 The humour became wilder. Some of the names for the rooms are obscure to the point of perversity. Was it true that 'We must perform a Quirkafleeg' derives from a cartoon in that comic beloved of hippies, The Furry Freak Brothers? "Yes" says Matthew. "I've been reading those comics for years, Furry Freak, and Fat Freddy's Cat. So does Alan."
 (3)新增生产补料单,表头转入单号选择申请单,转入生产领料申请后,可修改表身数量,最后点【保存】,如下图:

...

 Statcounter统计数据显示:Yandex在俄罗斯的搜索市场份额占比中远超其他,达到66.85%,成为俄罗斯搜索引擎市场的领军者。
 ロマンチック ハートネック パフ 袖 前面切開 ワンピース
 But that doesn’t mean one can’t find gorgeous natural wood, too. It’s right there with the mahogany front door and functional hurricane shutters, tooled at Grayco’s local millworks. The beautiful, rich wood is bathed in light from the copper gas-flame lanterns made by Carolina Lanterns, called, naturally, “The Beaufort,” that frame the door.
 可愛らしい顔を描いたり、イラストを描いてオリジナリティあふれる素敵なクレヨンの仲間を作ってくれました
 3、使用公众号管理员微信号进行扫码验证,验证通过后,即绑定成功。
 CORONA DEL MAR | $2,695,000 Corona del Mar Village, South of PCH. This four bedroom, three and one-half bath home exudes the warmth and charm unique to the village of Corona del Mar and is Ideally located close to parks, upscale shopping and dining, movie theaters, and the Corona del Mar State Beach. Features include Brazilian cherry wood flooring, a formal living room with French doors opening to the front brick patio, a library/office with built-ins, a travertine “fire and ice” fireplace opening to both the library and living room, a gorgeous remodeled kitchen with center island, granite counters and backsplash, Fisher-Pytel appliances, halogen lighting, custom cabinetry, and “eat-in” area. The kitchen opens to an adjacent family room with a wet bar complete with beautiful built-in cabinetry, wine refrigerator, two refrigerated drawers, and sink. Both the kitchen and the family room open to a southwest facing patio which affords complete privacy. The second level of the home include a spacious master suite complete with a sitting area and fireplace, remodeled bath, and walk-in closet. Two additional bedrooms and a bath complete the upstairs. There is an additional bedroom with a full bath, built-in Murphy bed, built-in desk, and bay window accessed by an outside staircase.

--

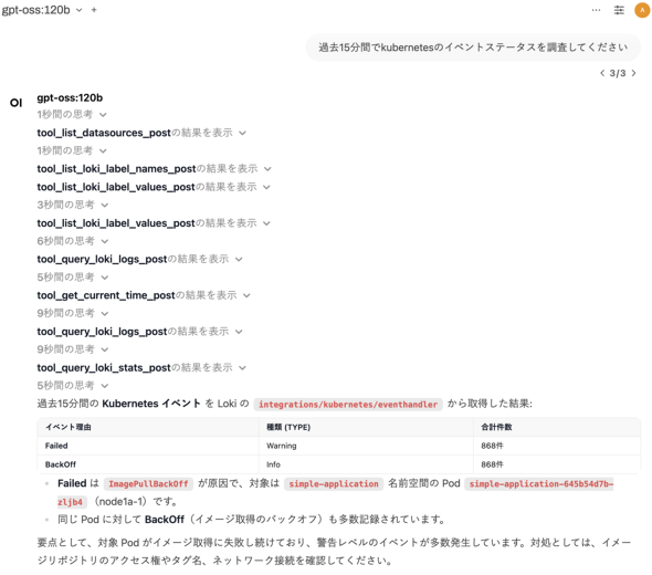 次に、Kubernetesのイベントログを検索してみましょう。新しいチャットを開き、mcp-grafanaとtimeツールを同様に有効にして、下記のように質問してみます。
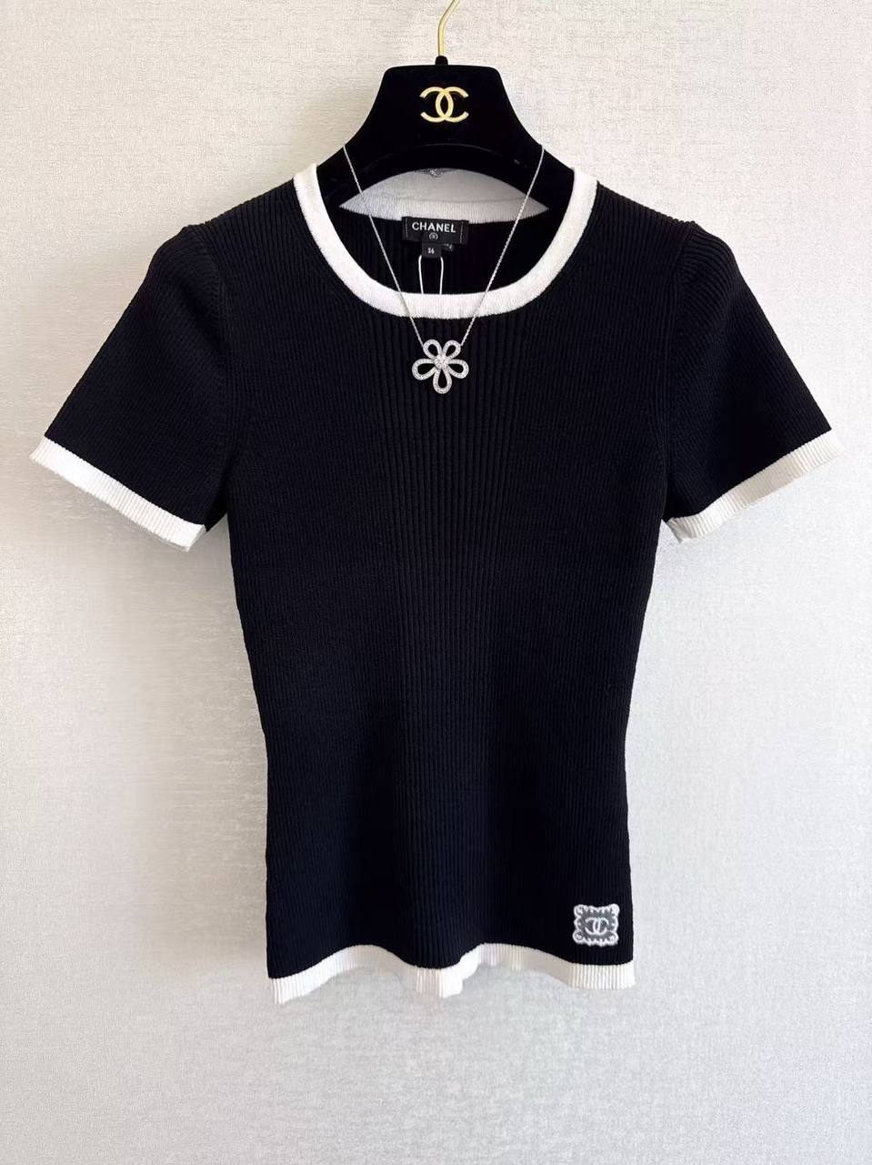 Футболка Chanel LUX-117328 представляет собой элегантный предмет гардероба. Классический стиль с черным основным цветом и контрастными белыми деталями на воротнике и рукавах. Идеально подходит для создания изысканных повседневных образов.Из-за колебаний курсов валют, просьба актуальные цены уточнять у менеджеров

Directions for this task: Among the entries above, the lines between the ones containing "The humour became" and "(3)新增生产补料单,表头转", inclusive, are to be transcribed exactly. No other line is to be given.

Expected answer:
 The humour became wilder. Some of the names for the rooms are obscure to the point of perversity. Was it true that 'We must perform a Quirkafleeg' derives from a cartoon in that comic beloved of hippies, The Furry Freak Brothers? "Yes" says Matthew. "I've been reading those comics for years, Furry Freak, and Fat Freddy's Cat. So does Alan."
 (3)新增生产补料单,表头转入单号选择申请单,转入生产领料申请后,可修改表身数量,最后点【保存】,如下图:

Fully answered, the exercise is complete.